Um filme grandioso. Li num comentário que o filme não existiria se Donald Trump não se tivesse eleito presidente dos Estados Unidos. Seria uma homenagem à sua barbárie, que lhe foi prestada pelo conhecido diretor Steven Spielberg e servir também como um alerta para que o truculento presidente respeite a liberdade de imprensa. O filme é The Post - A guerra secreta. O tema é a sempre controvertida guerra do Vietnã (1955-1975).

 A força do filme está nos diálogos e na corajosa ação em defesa da liberdade de imprensa. O título do filme The Post já nos indica que o jornal tema é o Washington Post, na época, ainda um jornal local de pequeno porte. Kat Graham (Meryl Streep) é a proprietária, que o recebe como herança da família. Portanto, temos aí um importante componente do filme. A proprietária é uma mulher. O jornal quer crescer e por isso lança ações suas na Bolsa de Valores. Esse fato requer cuidados. O jornal deverá ter credibilidade, aliada a muita prudência. Ele precisa se conter.

E precisa estar de olho nos concorrentes. Ben Bradlee (Tom Hanks), o editor chefe, não tem pruridos morais no sentido de espionar a concorrência para ver as suas linhas de investigação. Isso dá resultados. O enredo do filme começa efetivamente quando o New York Times publica documentos secretos do Pentágono e, em contrapartida, recebe a ação do presidente Nixon (1969-1974) no sentido de barrar as publicações, pela Lei da Espionagem, questões de segurança nacional. Kennedy e Johnson eram mais benevolentes. Nixon, pelo que o filme indica, era um tremendo de um mau caráter.

O Washington Post também tem os documentos em mão. Publica ou não publica? Ponderações por todos os lados. O advogado faz alertas e o mesmo procedimento é adotado por uma espécie de consultor de assuntos financeiros. As ações lançadas na bolsa precisam ser consideradas. Qual seria a reação dos investidores? Ben tudo faz para que os documentos sejam publicados. Alertado de que poderia ser preso, tem dúvidas. Kat dará a palavra final. Contra quase todos, toma a decisão em favor da publicação. Ela é um sucesso. Praticamente todos os jornais americanos acompanham a sua decisão e também os publicam.

O último round do enredo se dará na justiça, na Suprema Corte. Com grande suspense o resultado é aguardado. Quem triunfará? O resultado não foi nenhuma unanimidade. 6 a 3 foi decisão da Corte em favor da liberdade de imprensa. Se consagra o princípio de que esta liberdade precisa ser testada para ver se ela realmente existe. "O único jeito de defender a liberdade de publicação é publicando", diz uma espécie de mensagem final do filme.

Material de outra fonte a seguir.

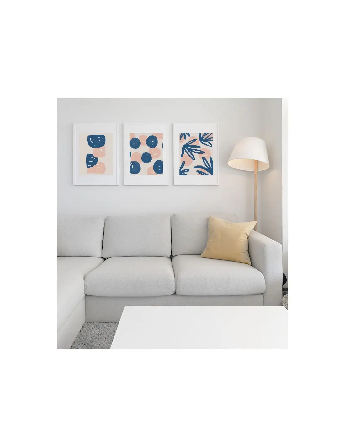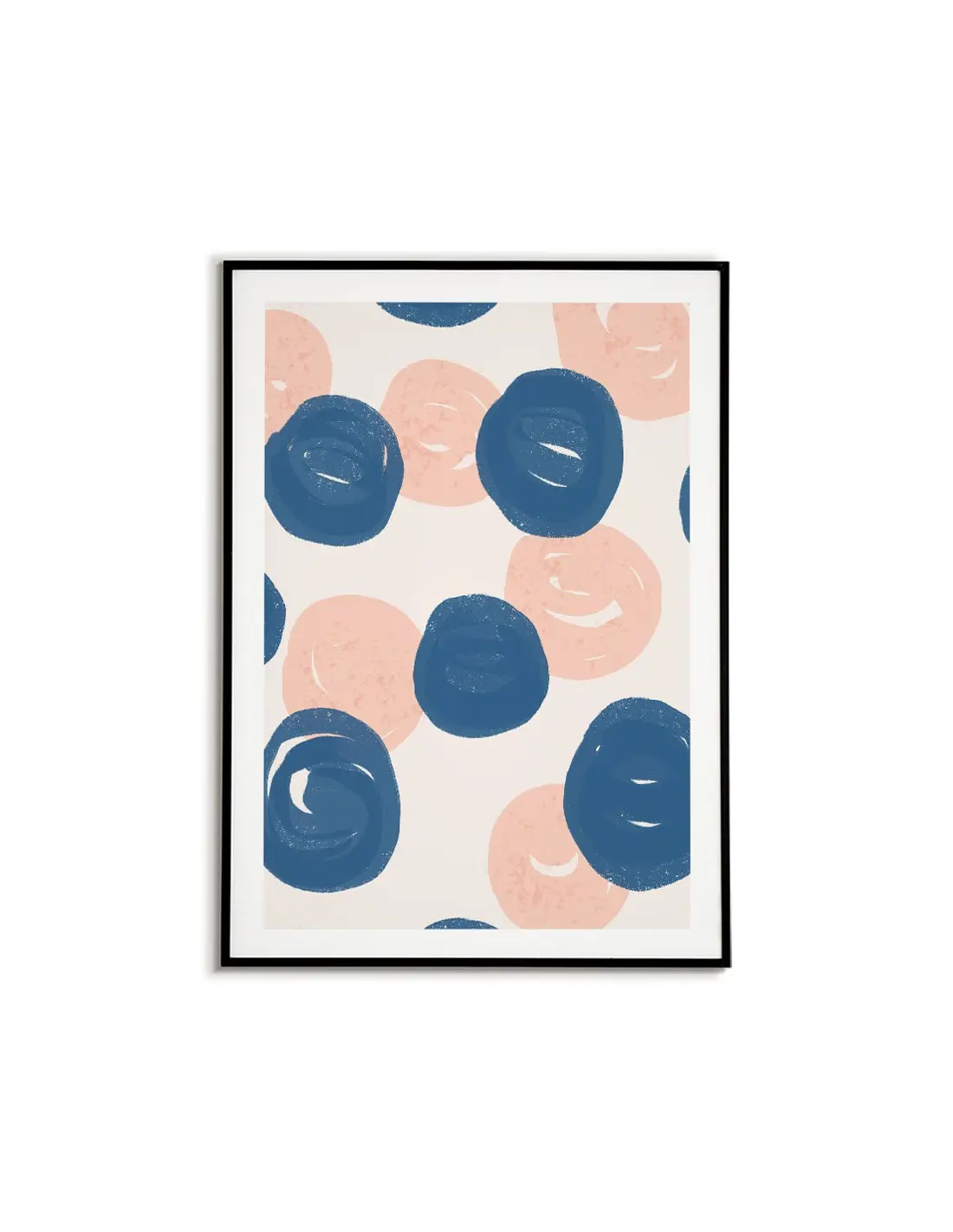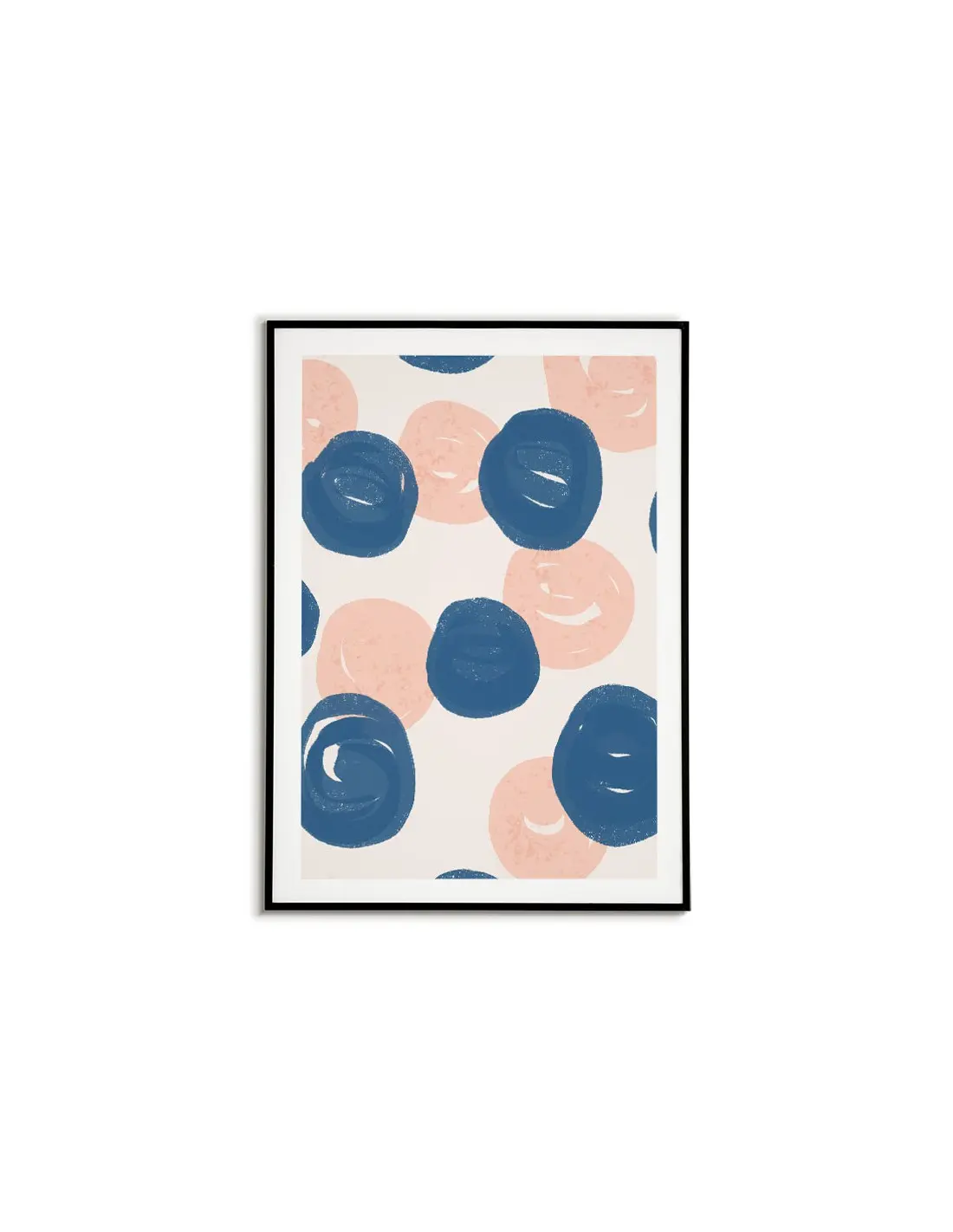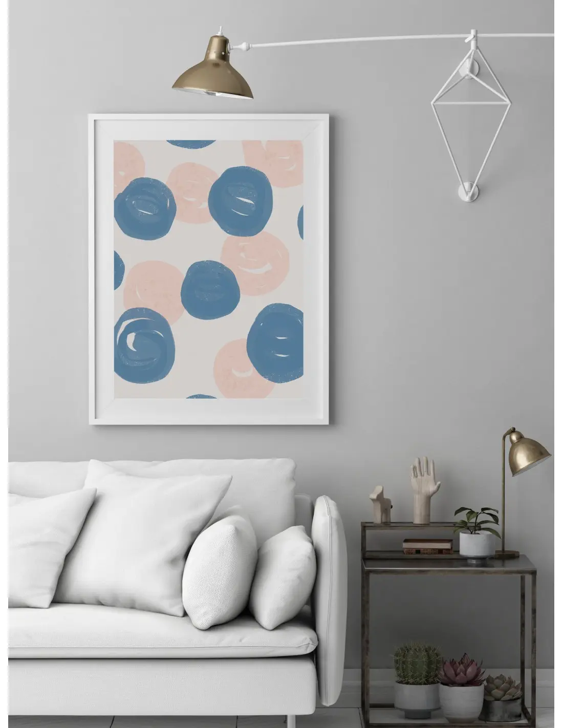 Plakat skandynawski - Abstrakcje farbą to piękna i nowoczesna grafika na ścianę, która pięknie wypełni przestrzeń swoją prostotą i ślicznymi ciepłymi odcieniami. Wzór z niebieskimi i różowymi kulkami.

O filme tem muitos méritos. A atuação política de Steven Spielberg é bem conhecida. Ele se expõe. Em tempos obscuros como os nossos, de Trump e de golpe em marcha no Brasil o tema precisa ser exposto. O comportamento da grande mídia brasileira precisa ver este filme e aprender com ele, que a liberdade de imprensa precisa ser utilizada em favor dos governados e não dos governantes, ou ainda pior, pela verba recebida dos governantes. Filme também obrigatório para ser exibido nos cursos de jornalismo. Há muito o que aprender com o filme e com as suas mensagens. Duas indicações a Oscar. Melhor filme e melhor atriz. A temporada do Oscar promete.